Hani dere kenarında söğüt ağacını kesersiniz de, ağacın gövdesinden cılız cılız söğüt ağaçları çıkarda, yazın kavurucu sıcağına kadar hüküm sürer, sonrada kuruyup giderya, biz sosyalistler o durumdayız.
Anlıyoruz ki, bugün devrim olmuyorsa, devrimci mücadele boy vermiyorsa, sizlerin yokluğundandır.
Dünya Bankasından gelen o şişkoya programını uygulatmamıştınızya, uygulatmamıştıkya, hani o özelleştirme programı vardıya, Dünya Bankasından gelirken cebinde getirmişti… İşte ondan bahsediyorum. Sizden sonra hepsini bir bir uyguladı. Ülkeyi emperyalistlerin teknoloji çöplüğü haline getirdi.
Ekonomiyi batıya entegre ederken, kültürel olarak Orta Doğu’ya çevirdi, ülkeyi… Rabıta misyonerliği zirve yaptı. Borç batağına sokulan ülke, emperyalistlere faiz ödemekten belini doğrultamadı. 12 Eylül faşizminin figüran askerleri de, Süleyman Demirel gibi, neredeyse tüm yetkilerini o şişkoya verdiler. Şişko, emperyalistlerin tüm ihtiyaçlarını karşıladı. Onların burada rahat etmeleri için, yapılması gereken ne kadar yasa varsa hepsini yasalaştırdı.

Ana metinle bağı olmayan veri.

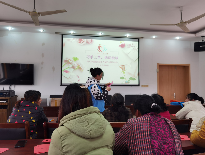 為豐富轄區(qū)婦女的業(yè)余生活,挖掘婦女自身潛能,倡導(dǎo)文明、健康、向上的生活方式,12月10日上午,江寧區(qū)淳化街道柏墅村聯(lián)合晨曦未保在村委會(huì)開(kāi)展"巧手工藝,紙間綻放"婦女技能培訓(xùn)活動(dòng),18名婦女踴躍參與。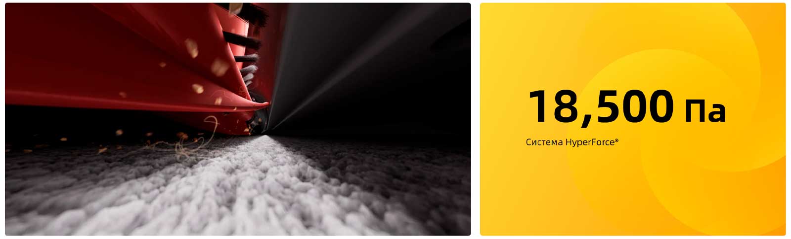 Испытайте невероятную силу уборки пылесоса с системой HyperForce® и мощностью всасывания 18 500 Па. Это устройство эффективно удалит глубоко въевшуюся грязь и пыль как с ковров, так и с твердого напольного покрытия, гарантируя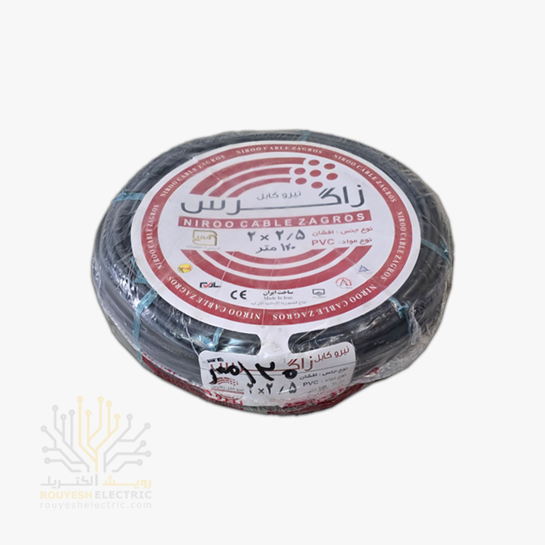 کابل برق نمره 2x2/5 برند نیرو کابل زاگرس استاندارد حلقه 120 متری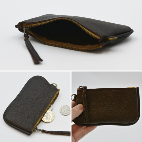 益子の革工房maharoのファスナーコインケース・カードケースセット ダークブラウン|栃木県 益子町 ふるさと納税 コインケース カードケース 2個セット 牛革 手作り(AX133-3)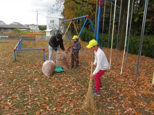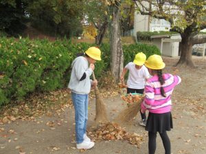 外掃除の子たちが、「枯れ葉を集めても集めてもなくならない」と言っていました。葉が全部落ちるまで大変ですが、一生懸命集めてくれます。ありがとう!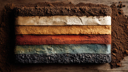 AI Generated. soil profile represents layers of history and change that are stored in earth illustrating connection between time and memory

Türk askeri nöbet tuttu, onlar yasa yaptı. Ülkeyi emperyalistlere 12 Eylül faşizminin silahlarının gölgesinde peşkeş çektiler. Bizleri zindanlara doldurarak yaptılar tüm bu yaptıklarını…
İşleri bittikten sonra bizleri de salıverdiler ama, biz devrilen söğüt ağacının gövdesinde ki cılız fideler olarak kaldık hep. Ne zaman toprağa kök salmayı akıl etsek, ya kellemizi uçurdular, ya da köklerimizi kestiler…

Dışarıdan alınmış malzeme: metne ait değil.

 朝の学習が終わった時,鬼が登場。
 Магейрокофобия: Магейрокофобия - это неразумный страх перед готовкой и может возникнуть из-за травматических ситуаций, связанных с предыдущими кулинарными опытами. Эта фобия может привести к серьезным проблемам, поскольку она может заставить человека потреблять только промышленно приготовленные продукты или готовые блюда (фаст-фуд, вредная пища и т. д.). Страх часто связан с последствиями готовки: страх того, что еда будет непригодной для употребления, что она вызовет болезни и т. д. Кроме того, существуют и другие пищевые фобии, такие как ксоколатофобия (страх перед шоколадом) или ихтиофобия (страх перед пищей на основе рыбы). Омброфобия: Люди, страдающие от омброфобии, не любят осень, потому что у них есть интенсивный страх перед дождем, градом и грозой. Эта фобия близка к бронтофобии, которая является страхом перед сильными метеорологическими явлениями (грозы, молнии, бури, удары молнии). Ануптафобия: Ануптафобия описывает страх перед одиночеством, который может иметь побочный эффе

Hani siz bir kere öldünüz ya ölümsüzleşirken…
Biz milyon kere öldük, ölüyoruz.
Dönenler olmadı mı derseniz, ne yalan söyleyeyim çoğu döndü… Kapitalizmin çarkında çevrilip duruyorlar…
Biz kalanlar ise, her sokağa çıktığımızda bolca dayak yiyoruz, ama inanın ayağa kalkacağız. Şimdilik böyleyiz işte, bekliyor gibiyiz… Bir şeyi bekliyoruz ama inanın neyi beklediğimizi tam olarak bizde bilmiyoruz.

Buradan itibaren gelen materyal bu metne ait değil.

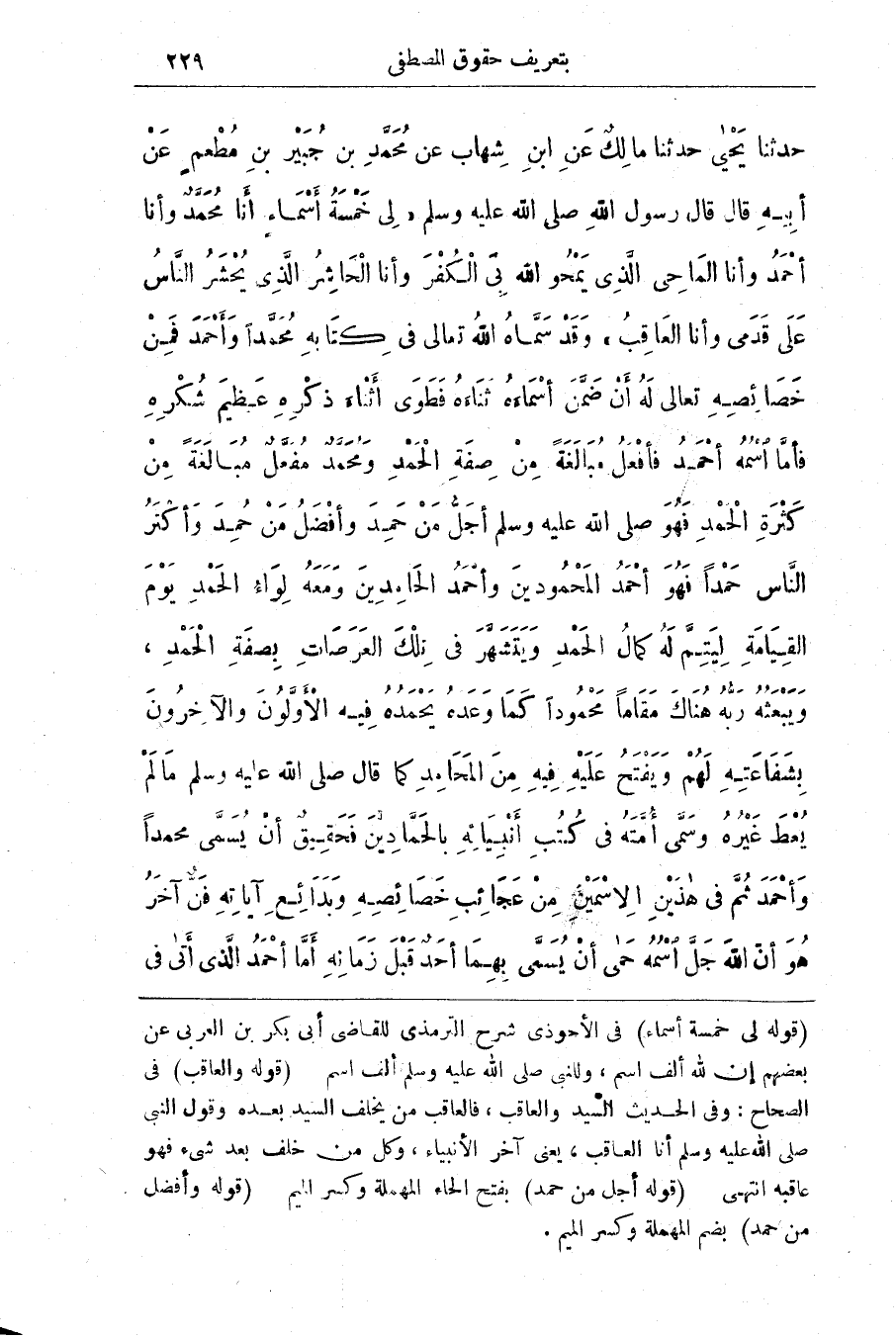 حَدَّثَنَا يَحْيَى حَدَّثَنَا مَالِكٌ عَنِ ابْنِ شِهَابٍ عَنْ مُحَمَّدِ بْنِ جُبَيْرِ بْنِ مُطْعِمٍ عَنْ أَبِيهِ قَالَ قَالَ رَسُولُ اللَّهِ صَلَّى اللَّهُ عَلَيْهِ وَسَلَّمَ (لِي خَمْسَةُ أَسْمَاءٍ أَنَا مُحَمَّدٌ وَأَنَا أَحْمَدُ وَأَنَا الْمَاحِي الَّذِي يَمْحُو اللَّهُ بِي الْكُفْرَ وَأَنَا الْحَاشِرُ الَّذِي يُحْشَرُ النَّاسُ عَلَى قَدَمِي وَأَنَا الْعَاقِبُ) وَقَدْ سَمَّاهُ اللَّه تَعَالَى فِي كِتَابِهِ مُحَمَّدًا وَأَحْمَدَ فَمِنْ خَصَائِصِهِ تَعَالَى لَهُ أَنْ ضَمَّنَ أَسْماءَهُ ثَنَاءَه فَطَوَى أَثْنَاء ذِكْرِهِ عَظِيمَ شُكْرِهِ فَأَمَّا اسْمُهُ أَحْمَدُ فَأَفْعَلُ مُبَالَغَةً من صِفَةِ الْحَمْدِ وَمُحَمَّدٌ مُفَعَّلٌ مُبالَغَةً من كَثْرَةِ الْحَمْدِ فهو صلى الله عليه وسلم أَجَلُّ من حَمِدَ وَأَفْضَلُ من حُمِدَ وَأَكْثَرُ النَّاسِ حَمْدًا فَهُوَ أَحْمَدُ الْمَحْمُودِينَ وَأَحْمَدُ الْحَامِدِينَ وَمَعَهُ لواء الحمد يوم القيامة وليتم لَهُ كَمَالُ الْحَمْدِ وَيَتَشَهَّرَ في تِلْكَ الْعَرَصَاتِ بِصِفَةِ الْحَمْدِ، وَيَبْعَثهُ رَبَّهُ هُنَاكَ مَقَامًا مَحْمُودًا كَمَا وَعَدهُ يَحْمَدُهُ فِيهِ الأوَّلُونَ وَالآخرُونَ بِشَفَاعِتِهِ لَهُمْ وَيَفْتَحُ عَلَيْهِ فِيهِ مِنَ الْمَحَامِدِ كَمَا قَالَ صَلَّى اللَّهُ عَلَيْهِ وَسَلَّمَ مَا لَمْ يُعْطَ غَيْرُهُ وَسَمَّى أُمَّتَهُ فِي كُتُبِ أَنْبِيَائِهِ بِالْحَمَّادِينَ فَحَقِيقٌ أَنْ يُسَمَّى مُحَمَّدًا وَأَحْمَدَ ثُمَّ فِي هَذَيْنِ الاسْمَيْنِ من عَجَائِبِ خَصَائِصِهِ وَبَدَائِعِ آيَاتِهِ فَنُّ آخَرُ هُوَ إن اللَّه جَلَّ اسْمُهُ حَمَى أَنْ يمسى بِهِمَا أَحَدٌ قَبْلَ زَمَانِهِ أَمَّا أَحْمَدُ الَّذِي أَتَى فِي

Bir yıkım projesinin seyircileri konumundayız.
Şişko’dan sonra emperyalistlerin temsilcisi olarak;
Fethullah Gülen ülke müteahhidi, Recep Tayyip Erdoğan, Abdullah Gül, Bülent Arınç ve Abdüllatif Şener taşeron olarak atandılar. Atandıkları an da nasıl iş bilmem ama, sandıktan da ezici çoğunlukla onlar çıktı. Demokrasi diyorlar böyle garip şeylere…
Abdüllatif Şener erkenden nadasa bırakıldı, Fethullah Gülen’i ülkemizde temsilen Recep Tayyip Erdoğan başkanlığındaki ekip temsil etmeye başladı.
Recep Tayyip Erdoğan, vahşi kapitalizmle İslamofaşizminden bir armoni yaptı ülkemizi. Hedefinde Cumhuriyet’in aydınlık yüzü ve ezeli düşmanları komünistler var.
1950 Yılında Adnan Menderes ile başlatılan karşı devrimin son darbeleri tam da bu günlerde vuruluyor.
Cumhuriyet’in köşe taşlarına her vurduğunda, bizim bir kısmımızı kandırmayı da başardılar. Demokrasi, insan hakları terimlerini kullanarak, bizim insanlarımızı da yükselişlerinde basamak olarak kullandılar. 2010 Yılında yapılan referandumda evet diyerek Recep Tayyip Erdoğan’ın müteahhidine baş kaldırmasına, ortaklarını dışlamasına, tek adam olmasına hizmet etmişlerdir. Bu gün yıkılması güçleşen, sandıkta bile yıkılsa iktidarı bırakmayacağına inandığımız kişiye armağan edilen diktatörlük, gelip onları vurdu…
Bizler ise, iktidardan gitmemek üzere kodlanmış bir diktatör ile karşı karşıya olduğumuzu o günde biliyorduk, bu günde…
Ülke halkına ve dünya halklarına karşı büyük büyük suçlar işlemesine rağmen, tüm suçları FETÖ diye bilinen bir çete ortağına bir senaryo ile yıkıp, gömlek değiştirerek halkın karşısına yenilenmiş gibi çıkmıştır. Bu çıkış öyle sıradan çıkış olmamıştır tabi…İnandırıcı olması için kamu binalarının bazılarının kenarına köşesine bombalar salladılar. Gariban askerileri ve polisleri öldürttüler… Şimdiye kadar eline silah almayan Fethullah Gülen tayfası silahlı terör örgütü yayılıverdi…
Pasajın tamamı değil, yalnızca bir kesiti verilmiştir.